Thanks for your help.
Mitchua




Mitchua
  Reply With Quote
Old 07-15-2003, 07:40 PM   #2
Mitchua
 
Posts: n/a
Default Re: How to get length of string? length() problems

"Mitchua" <> wrote in message
news:V5XQa.53675$ ble.rogers.com...
> Simplified a bit, I'm parsing HTML documents to get sentences e.g.
> my $html = get($URL);
> # remove all HTML TAGs...blah blah blah
> @sentences = split(/\./, $html));
> then I'm trying to determine the number of characters in the sentence.
> However, although when I print the sentences they look fine, when I use
> length($sentence[0]) I get values in the hundreds for small sentences.

Most
> documentation I found said "length() returns the number of chars" however,
> some said "length() returns the number of bytes". To get the number of
> chars in this case, can I just divide by 8 or something?
>


Would something like sprintf("%20s", $sentence[0]) work to crop the sentence
to 20 characters?

--Mitchua


  Reply With Quote
Old 07-15-2003, 08:56 PM   #3
Rich
 
Posts: n/a
Default Re: How to get length of string? length() problems

Mitchua wrote:

> "Mitchua" <> wrote in message
> news:V5XQa.53675$ ble.rogers.com...
>> Simplified a bit, I'm parsing HTML documents to get sentences e.g.
>> my $html = get($URL);
>> # remove all HTML TAGs...blah blah blah
>> @sentences = split(/\./, $html));
>> then I'm trying to determine the number of characters in the sentence.
>> However, although when I print the sentences they look fine, when I use
>> length($sentence[0]) I get values in the hundreds for small sentences.

> Most
>> documentation I found said "length() returns the number of chars"
>> however,
>> some said "length() returns the number of bytes". To get the number of
>> chars in this case, can I just divide by 8 or something?
>>

>
> Would something like sprintf("%20s", $sentence[0]) work to crop the
> sentence to 20 characters?
>
> --Mitchua


perldoc -f length:

"length EXPR
length Returns the length in characters of the value of EXPR..."

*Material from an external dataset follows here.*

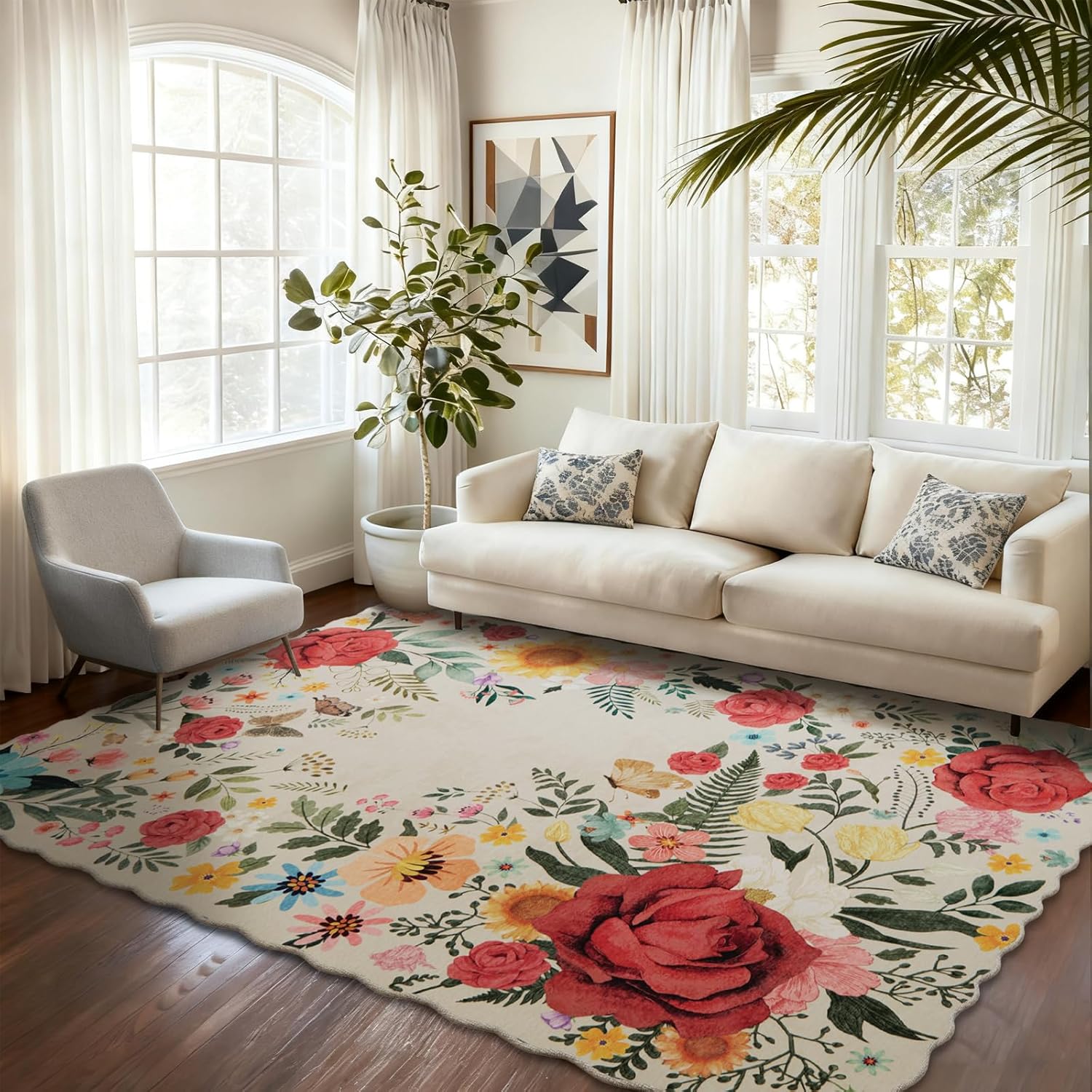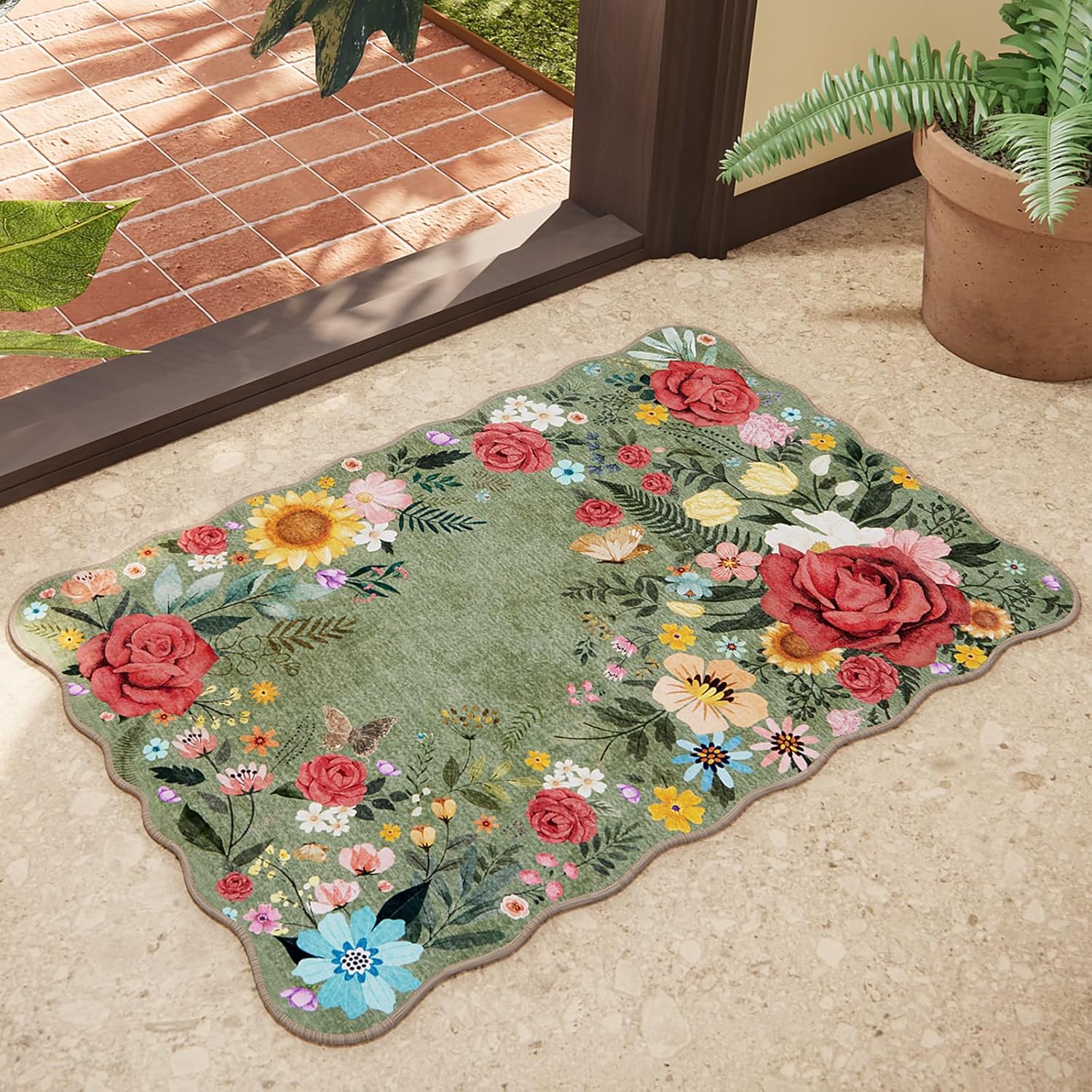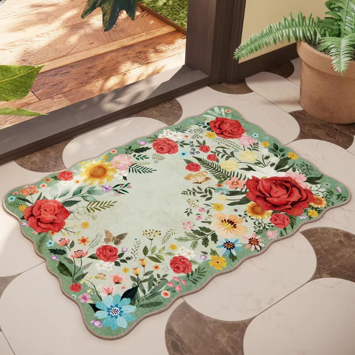 • ★【ULTRA SOFT WELL-DESIGNED】This floral rug adds a vibrant touch to your living room with its beautiful colors and subtle pattern that complements your furniture and decor. The ultra-thin design was easily placed under furniture without creating a tripping hazard.This washable runner rug is perfect for entryways, laundry, nursery, hallways, kitchen, bedside, kids room, dining room, bedroom, living room combining aesthetic appeal with ease of care.

BUT length() returns the length in bytes when the bytes pragma is used, eg:

$x = chr(400);
print "Length is ", length $x, "\n"; # "Length is 1"
printf "Contents are %vd\n", $x; # "Contents are 400"
{
use bytes;
print "Length is ", length $x, "\n"; # "Length is 2"
printf "Contents are %vd\n", $x; # "Contents are 198.144"
}

perldoc bytes for more info.

Cheers,
--
Rich

  Reply With Quote
Old 07-16-2003, 04:08 AM   #4
Eric J. Roode
 
Posts: n/a
Default Re: How to get length of string? length() problems

-----BEGIN PGP SIGNED MESSAGE-----
Hash: SHA1

"Mitchua" <> wrote in
news:V5XQa.53675$ ble.rogers.com:

> Simplified a bit, I'm parsing HTML documents to get sentences e.g.
> my $html = get($URL);
> # remove all HTML TAGs...blah blah blah
> @sentences = split(/\./, $html));
> then I'm trying to determine the number of characters in the sentence.
> However, although when I print the sentences they look fine, when I
> use length($sentence[0]) I get values in the hundreds for small
> sentences. Most documentation I found said "length() returns the
> number of chars" however, some said "length() returns the number of
> bytes". To get the number of chars in this case, can I just divide by
> 8 or something?


Only if your characters are 8 bytes wide!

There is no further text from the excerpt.